What is Selenium Boot?
Selenium Boot eliminates the boilerplate that every Java Selenium project repeats — WebDriver setup and teardown, wait helpers, retry logic, screenshot capture, and report generation — so your test code contains only test intent.
It is inspired by Spring Boot's philosophy: sensible defaults, convention over configuration, and zero required setup for common cases.
public class LoginTest extends BaseTest {
@Test(description = "Valid user can log in")
public void loginTest() {
open();
new LoginPage(getDriver()).login("admin", "secret");
Assert.assertTrue(new DashboardPage(getDriver()).isLoaded());
}
}
No WebDriver setup.

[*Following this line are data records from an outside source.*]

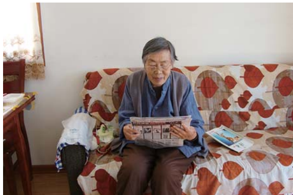
家里安装爱心门铃的老人在看报纸。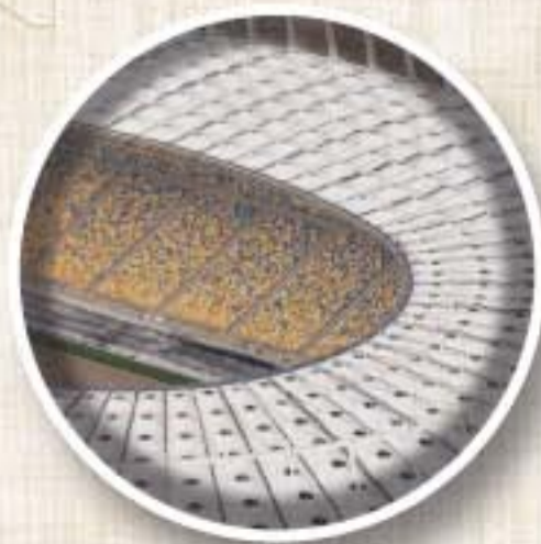
ESTADIO OLÍMPICO (Kiev) Apertura 1923 Aforo 60.000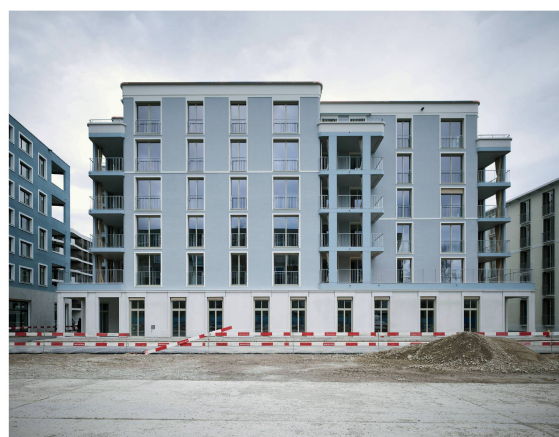
Villenartige Stadthäuser als tragende Elemente für die überbordende Quartiermorphologie (oben: Haus K; unten: Haus C).

Architekturküche stammen. Zu loben ist die Absenz einer in vielen Neubauquartieren grassierenden Beliebigkeit sowie einer autistischen Architektur. Trotzdem hätte ein «Weniger ist mehr» dem Hunziker-Areal urbaneren Charakter verliehen und wäre der selbst formulierten Analogie zum Idaplatz gerechter geworden.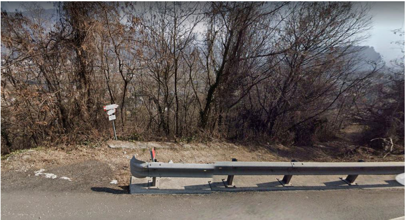
foto 3 - Intersezione del tratto sterrato che prolunga via San Giorgio con la Strada Gardesana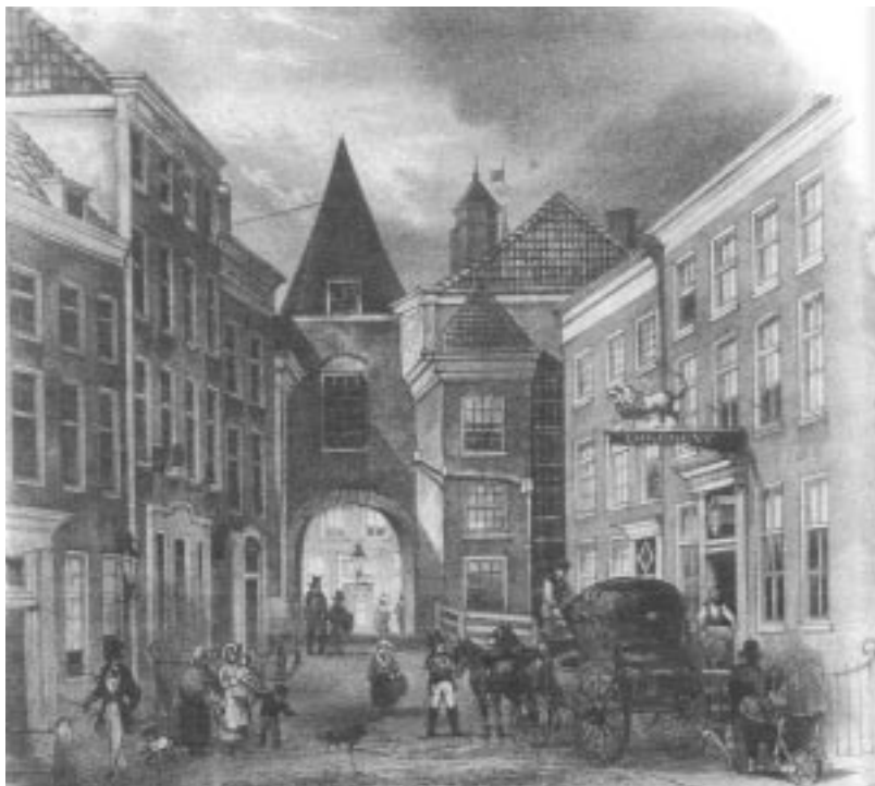
Het logement 'Lion d'Or'

Op 25 maart 1734 wordt het huwelijk gesloten tussen Prins Willem IV en Anna van Hannover, de oudste dochter van George II van Engeland. Kort daarop wordt in Amsterdam een loge gesticht, bestaande uit bijna uitsluitend Engelsen die met de prinses mee naar Holland waren gekomen. De Franse journalist Jean Rousset de Missy (1689-1762), die eerder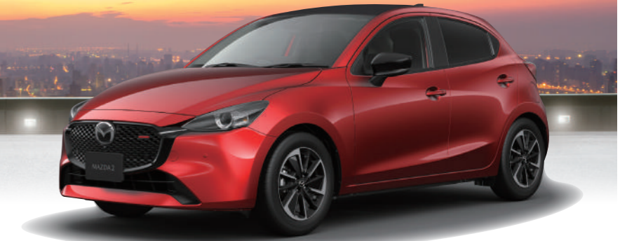
Body color ソウルレッドクリスタルメタリック

No @AfterMethod teardown. No wait helpers. No retry configuration.
Just the test.
Design philosophy
People often ask whether Selenium Boot is meant to be an opinionated framework, an extensible toolkit, or a thin productivity layer over Selenium. It's the Spring Boot of Java test automation — and the answer is layered, not equal parts of all three:
- Opinionated core (primary). Convention over configuration, zero boilerplate by default. Add one dependency, extend
BaseTest/BasePage, and the framework has already made the sensible decisions for you.selenium-boot.ymlis optional —SeleniumBootDefaultscovers you if you never write it. - Never hides Selenium (the constraint). Unlike heavier abstractions, Selenium Boot never takes the raw
WebDriveraway from you. When the conventions don't fit, drop straight down toWebDriver/By/WebElement. Opinionated without being a cage. - Extensible toolkit (the escape hatch). An SPI/registry plugin system (
DriverProviderRegistry,PluginRegistry,ReportAdapterRegistry) makes it modular for the power users who need it — serving the opinionated core, not replacing it. Most users never touch it.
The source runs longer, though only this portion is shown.